I never realized how wonderful store hours are. You know Wal-Mart is open 24 hours a day except Christmas and Thanksgiving. You know Walgreens and the gas stations are always open. On Christmas Eve, you can always go see a movie or rent them at Blockbuster. I know I can find all my living stables at Target or Trader Joes. The only time I remember not finding something I want is when it's some bizarre thing like a pink, transparent see-through ipod case (I never actually looked for one of those), or just the right pair of black heels for my little black dress (I did have a black heels crisis). I am reminded of the wonder of store hours every time I trek all the way to the carrefour and they don't have something I totally need. Because you bet I am not going all the way there unless I have to. It's so natural for stores to be "out of something" or just simply not open at all.

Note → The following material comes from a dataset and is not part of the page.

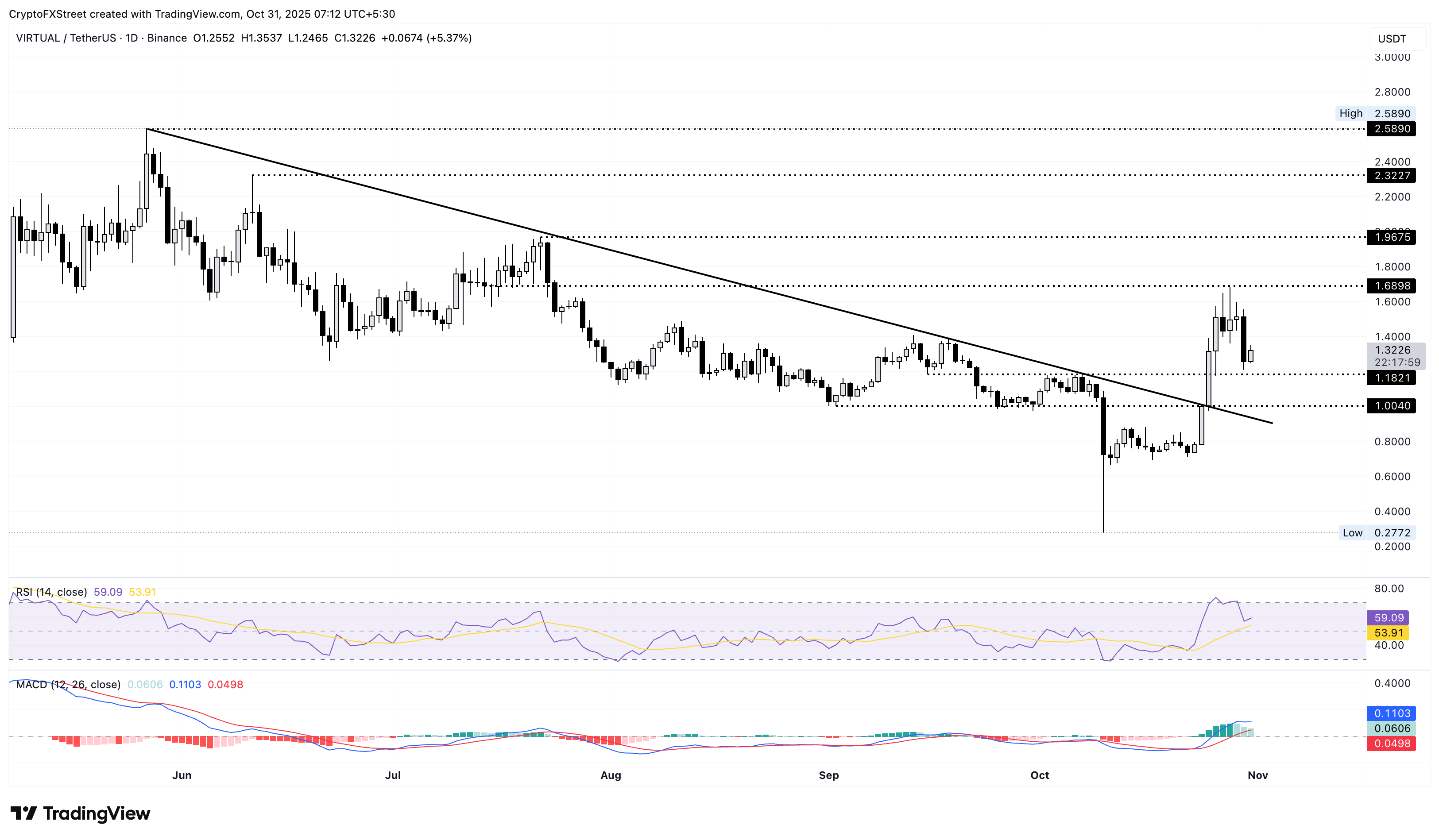 Virtuals Protocol se recupera más del 5% al momento de escribir el viernes, tras la pérdida del 17% del día anterior. El token de agente de IA no ha logrado superar el nivel de 1.6898$ a principios de esta semana y ahora mantiene una posición por encima del nivel de soporte de 1.1821$.

When I am in my house, there's how to best utilize my limited water supply as not to waste. Recently I've rearranged my schedule so I can be out and avoid the kids coming by my house after school. But the downside of it is I don't have plenty of water fetchers ready to work. I do laundry, and then I wash the floor with the soapy water. I always have to make sure there are water for the filter, because it is not good when there aren't water to cook or drink. And I usually have to spread out my chores that requires water, which includes shower. Today for example, I took a bucket bath, and then did dishes, and that depletes the supply so much that I must wait to do other cleaning later.

All of the above mention things are all quite minor and daily, but last night I was encountered with a classic "this is Africa" moment. I had been searching quite a while for flights from Yaoundé to Taipei. Either the entire trip on one booking is simply impossible, or insanely expensive. After many comibnations and logical thinking, I narrowed down to two separate bookings with Air France. Then because my Internet is too slow and spotty, I decided to walk my sister step through step of booking on the Air France Cameroon website. We got through everything until when it's time to input payment info, and it wouldn't work. So I go to Air France US website and it tells me the flights aren't available, which is obviously not true. Then I go to Air France France website, and it still wouldn't work. Finally, I sat online while my sister called Air France US and booked my flight on the phone. Apparently all flights out of Africa aren't allow to be booked online, because there are too many fraud. Then the problem came with the credit card company freaking out because it's paying for a flight out of Africa. A flight out of Africa is apparently more thief-esque than charging two Macbook laptops in the same month. In the end, Air France had to submit a bill to credit card company and confirmation will be delivered within 24 hours.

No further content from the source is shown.